José Luis Borbolla

Personal information
- Full name: José Luis Borbolla Chavira
- Date of birth: 31 January 1920
- Place of birth: Mexico City, Mexico
- Date of death: 11 February 2001 (aged 81)
- Place of death: Mexico City, Mexico
- Position: Midfielder

Senior career*
- Years: Team / Apps / (Gls)
- 1940–1944: Marte
- 1944–1945: Real Madrid / 5 / (1)
- 1945: → Deportivo La Coruña (loan) / 10 / (4)
- 1945–1946: Asturias
- 1946–1947: Celta Vigo / 11 / (3)
- 1947–1948: España
- 1948–1949: Veracruz
- 1949–1950: América

International career
- 1950: Mexico / 3 / (0)

= José Luis Borbolla =

Mexican footballer (1920–2001)

José Luis Borbolla Chavira (31 January 1920 – 11 February 2001) was a Mexican footballer who played professionally in Liga MX and La Liga and represented Mexico at the 1950 FIFA World Cup. He was also the first Mexican to suit up for Real Madrid.

==Career==
Born in Mexico City, Mexico, Borbolla played club football with local sides Asturias, España, and Marte, where he won the 1942–43 Mexican Primera División and Campeón de Campeones titles. In 1944, he moved to Europe to play with the Spanish clubs Deportivo La Coruña, Real Madrid (where he became the club's first Mexican player considering Jose Ramon Sauto who was born in Mexico never played as mexican in Spain neither played for the Mexico’s National Team) and Celta Vigo. Borbolla played for Real Madrid in the 1944–45 Copa del Generalísimo.

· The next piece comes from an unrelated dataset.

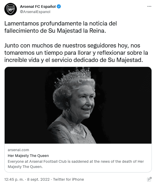La reina Isabel II falleció este jueves, una figura de autoridad mundial que siempre mostró su gusto por el futbol y en especial por uno de los clubes de la Premier League.La monarca, quien en su juventud desarrolló la actividad de la equitación, era una gran aficionada del Arsenal, todo a la extraordinario relación con Arsene Wenger.Isabel II nació en 1926, por lo que es de las pocas personas que vieron y celebraron los 13 títulos que tiene el Arsenal en la Premier League.La relación entre la institución y la figura de la realeza siempre fue tan importante y fuerte, que fue considerada para inaugurar el Emirates Stadium en 2006, pero una molestia en la espalda le impidió asistir.La familia real vive en el Palacio de Buckingham, ubicado en la ciudad de Londres, en donde también juegan clubes como Chelsea, Crystal Palace, Tottenham y West Ham.OF

He returned to Mexico to join Veracruz. He later played for América, where he retired to become a coach for one season.

Borbolla made three international appearances for Mexico during 1950, including playing in the 1950 FIFA World Cup in the match against Switzerland.

After he retired from playing and coaching, Borbolla formed a successful manufacturing business that sold textile products in North and Central America.